Task to carry out: Starting at the line that contains "This is an embellished", write out every line to the end of the records below exactly, and leave out the pictures.
**** Materials provided ****
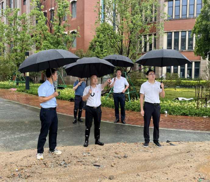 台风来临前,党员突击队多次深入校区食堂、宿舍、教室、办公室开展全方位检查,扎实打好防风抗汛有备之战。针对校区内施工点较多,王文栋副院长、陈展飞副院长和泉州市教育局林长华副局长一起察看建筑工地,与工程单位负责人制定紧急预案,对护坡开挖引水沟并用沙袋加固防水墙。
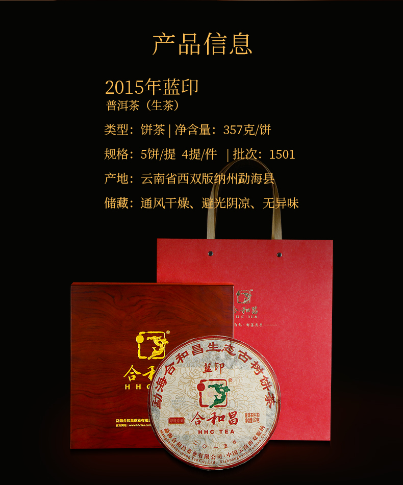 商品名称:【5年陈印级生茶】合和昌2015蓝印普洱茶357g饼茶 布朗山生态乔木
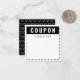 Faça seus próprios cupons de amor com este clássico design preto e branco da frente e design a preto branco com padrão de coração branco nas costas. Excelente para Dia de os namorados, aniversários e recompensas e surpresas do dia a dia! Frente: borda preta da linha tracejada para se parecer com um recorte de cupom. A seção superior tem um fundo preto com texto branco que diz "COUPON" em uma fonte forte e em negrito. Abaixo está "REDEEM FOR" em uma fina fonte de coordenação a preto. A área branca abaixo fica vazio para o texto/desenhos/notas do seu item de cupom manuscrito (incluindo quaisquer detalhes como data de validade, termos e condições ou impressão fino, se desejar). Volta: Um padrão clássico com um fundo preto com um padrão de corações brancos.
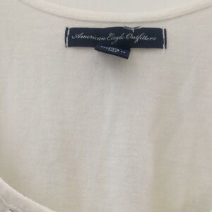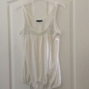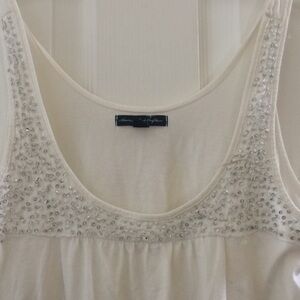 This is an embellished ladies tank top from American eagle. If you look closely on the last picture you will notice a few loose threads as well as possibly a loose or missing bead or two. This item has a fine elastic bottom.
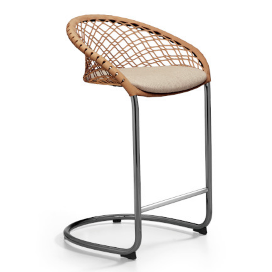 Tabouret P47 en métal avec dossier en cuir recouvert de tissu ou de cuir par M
****
Answer box:
 This is an embellished ladies tank top from American eagle. If you look closely on the last picture you will notice a few loose threads as well as possibly a loose or missing bead or two. This item has a fine elastic bottom.
 Tabouret P47 en métal avec dossier en cuir recouvert de tissu ou de cuir par M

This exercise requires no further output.